→ Supplied material:
..............................

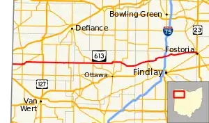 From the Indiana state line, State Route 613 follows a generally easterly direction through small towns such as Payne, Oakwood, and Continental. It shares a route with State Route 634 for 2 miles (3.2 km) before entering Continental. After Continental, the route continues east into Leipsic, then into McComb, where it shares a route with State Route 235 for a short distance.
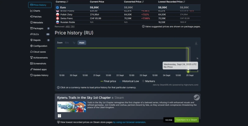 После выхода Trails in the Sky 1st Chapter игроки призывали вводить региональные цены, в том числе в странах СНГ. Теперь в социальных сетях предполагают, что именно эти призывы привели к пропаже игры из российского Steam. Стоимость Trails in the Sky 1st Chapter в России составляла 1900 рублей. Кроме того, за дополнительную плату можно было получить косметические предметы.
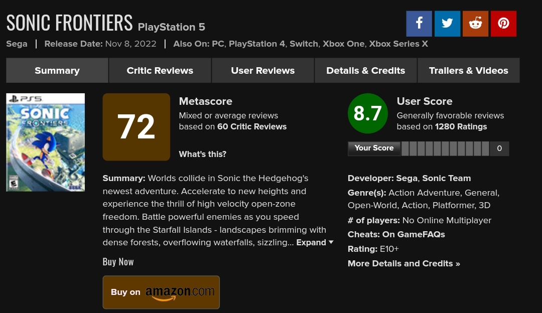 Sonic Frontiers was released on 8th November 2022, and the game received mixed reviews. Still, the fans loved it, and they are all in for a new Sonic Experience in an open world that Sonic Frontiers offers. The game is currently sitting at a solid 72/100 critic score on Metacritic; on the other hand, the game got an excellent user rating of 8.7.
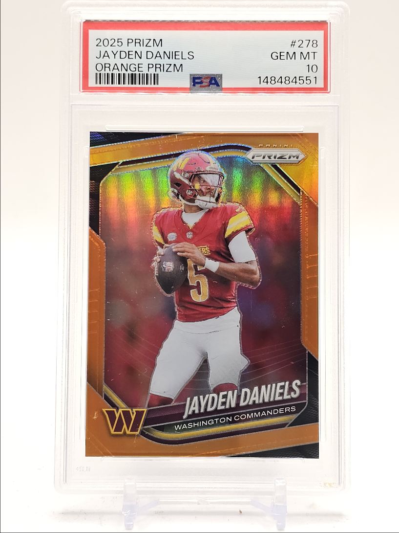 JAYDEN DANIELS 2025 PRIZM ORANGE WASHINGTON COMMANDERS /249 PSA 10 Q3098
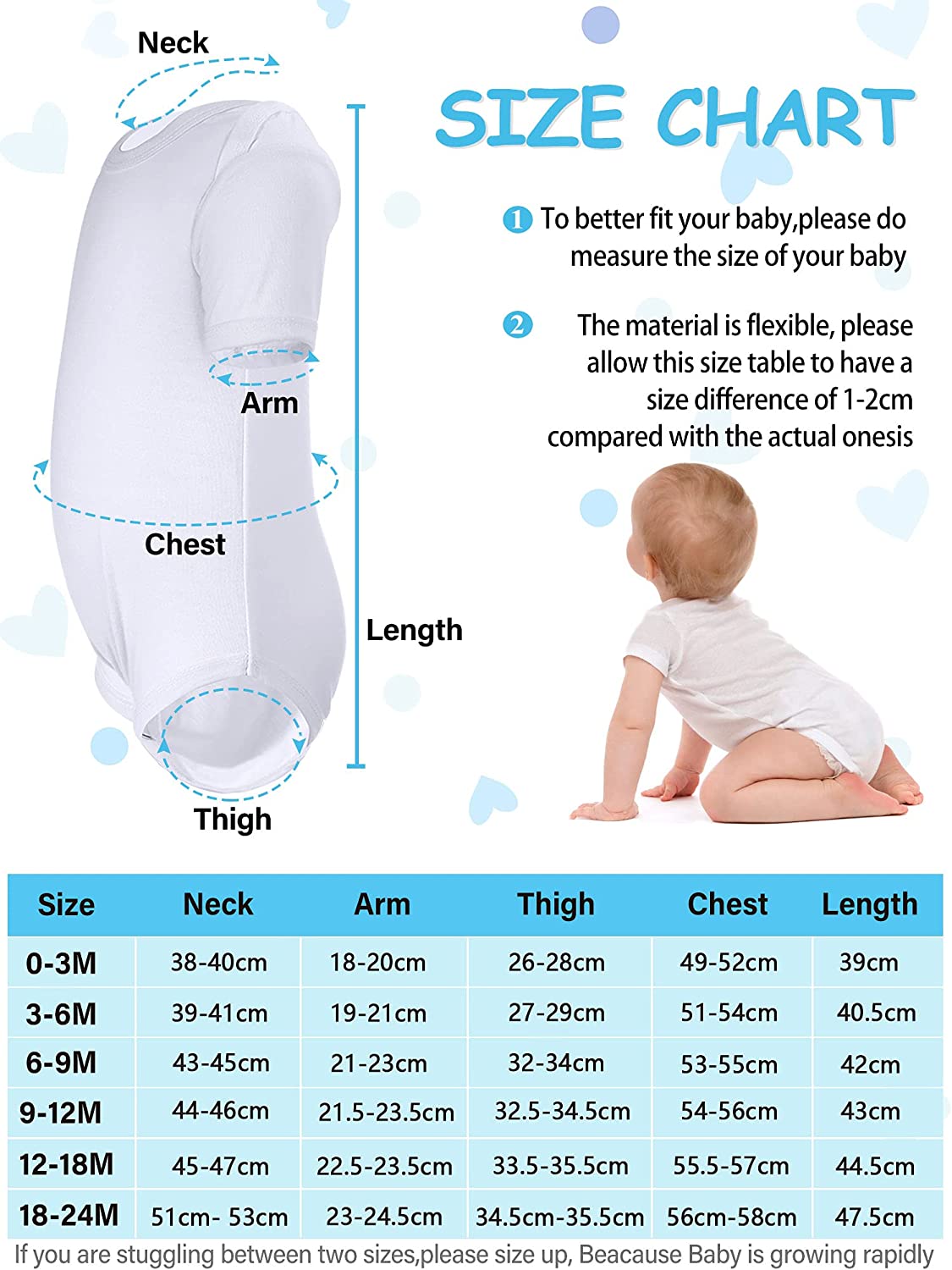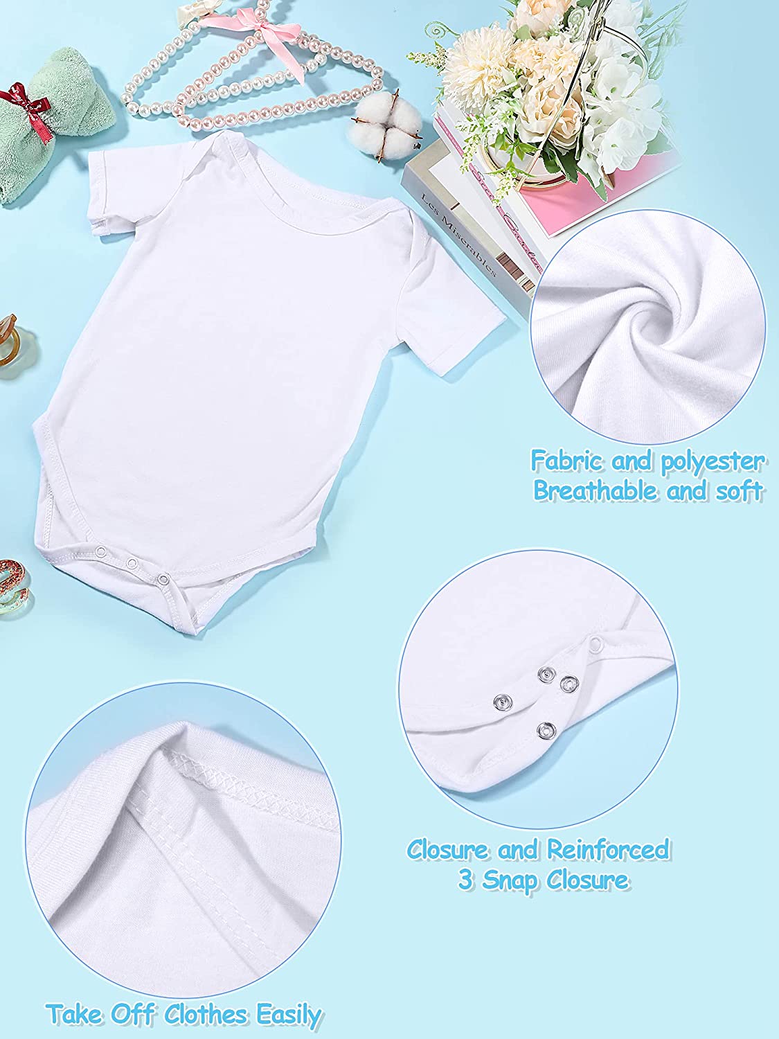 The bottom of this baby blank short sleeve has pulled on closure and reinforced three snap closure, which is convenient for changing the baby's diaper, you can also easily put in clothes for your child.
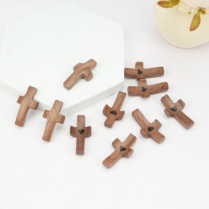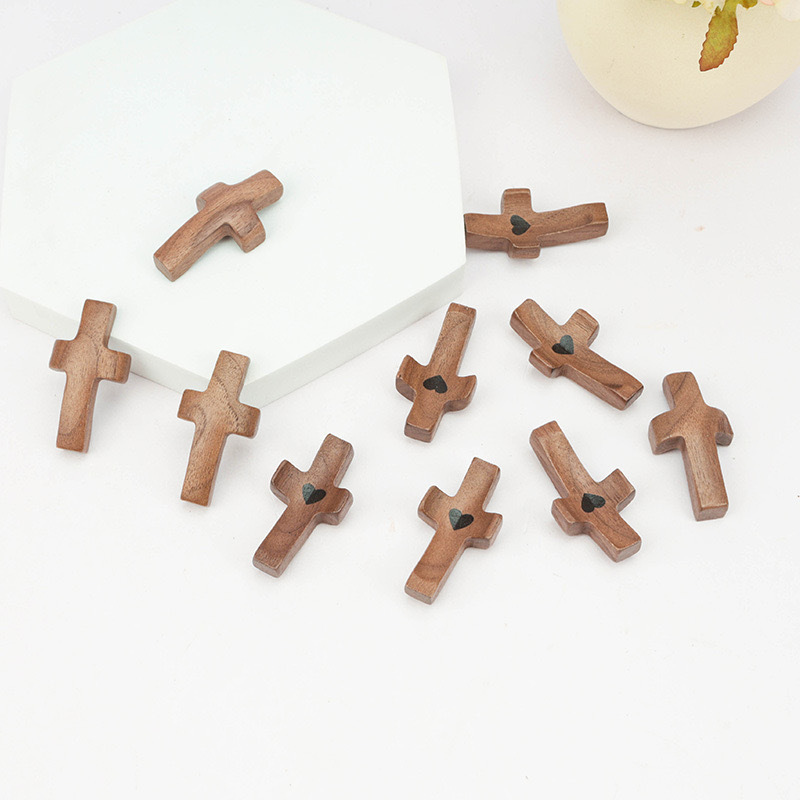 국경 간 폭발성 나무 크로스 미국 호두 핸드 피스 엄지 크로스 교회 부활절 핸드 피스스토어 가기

..............................

→ Work order: Word for word, print every record, and leave out any picture.

→ Answer box:
 From the Indiana state line, State Route 613 follows a generally easterly direction through small towns such as Payne, Oakwood, and Continental. It shares a route with State Route 634 for 2 miles (3.2 km) before entering Continental. After Continental, the route continues east into Leipsic, then into McComb, where it shares a route with State Route 235 for a short distance.
 После выхода Trails in the Sky 1st Chapter игроки призывали вводить региональные цены, в том числе в странах СНГ. Теперь в социальных сетях предполагают, что именно эти призывы привели к пропаже игры из российского Steam. Стоимость Trails in the Sky 1st Chapter в России составляла 1900 рублей. Кроме того, за дополнительную плату можно было получить косметические предметы.
 Sonic Frontiers was released on 8th November 2022, and the game received mixed reviews. Still, the fans loved it, and they are all in for a new Sonic Experience in an open world that Sonic Frontiers offers. The game is currently sitting at a solid 72/100 critic score on Metacritic; on the other hand, the game got an excellent user rating of 8.7.
 JAYDEN DANIELS 2025 PRIZM ORANGE WASHINGTON COMMANDERS /249 PSA 10 Q3098
 The bottom of this baby blank short sleeve has pulled on closure and reinforced three snap closure, which is convenient for changing the baby's diaper, you can also easily put in clothes for your child.
 국경 간 폭발성 나무 크로스 미국 호두 핸드 피스 엄지 크로스 교회 부활절 핸드 피스스토어 가기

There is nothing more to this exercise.